The solo was followed by a vignette in which three of the musicians joined the work’s five core dancers center stage, improvising riffs that the dancers spontaneously composed into movement. It was a call-and-response, where each dancer acted as another musician, using their physical instrument to play a complementary tune to what they had heard. It was a delightful exchange.
While many of the work’s early vignettes were upbeat and pertained to social gatherings, including a wedding and a nightclub outing, several of its most memorable vignettes explored more contemplative and difficult subject matter.

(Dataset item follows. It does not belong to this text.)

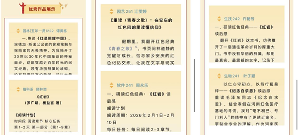 各系紧扣专业特色,搭建假期“充电赋能”平台。同学们或是制定个性化学习计划,在Python、手绘等技能练习中夯实专业基础;或是参与“生涯探索”线上辅导,通过霍兰德职业测试等工具,探索个人兴趣与未来方向;或是在阅读与分享中,从《红星照耀中国》等红色著作里汲取信仰力量。一场持续40天的“幸福日常”打卡活动中,两百余名同学用照片与文字记录出游、阅读、团圆的瞬间,在彼此分享中学会从日常中发现意义,为新学期的学业与成长锚定方向。

In a section entitled “Sacred Sounds/God’s Sunrise,” McIntyre, in a voiceover, told of receiving an audiotape recording from a friend of a ceremony she had attended in Morocco and how that music was elevated like the music she heard in clubs and concerts. “Then I knew this music I was loving was divine,” said McIntyre. “It came from a place of sacredness.” Illustrating her words, the company’s dancers, costumed in long black robes, sculpted the space around them as if executing a dance version of a martial arts kata. They reflected in their movements the sacredness McIntyre spoke of.
Next, flutist Cleave Guyton Jr. accompanied dancer Demetia Hopkins, who performed a measured solo with a ceremonial feel in the vignette, “box & pole,” named after a Shange poem. In it, Hopkins breathily proclaimed as she danced, “We must make totems, how else can the spirits feel us,” and “We must worship ourselves that the earth not be defiled by our neglect.” Her graceful and gestural movements were captivating. So too was the vignette “Silent Duet” that followed.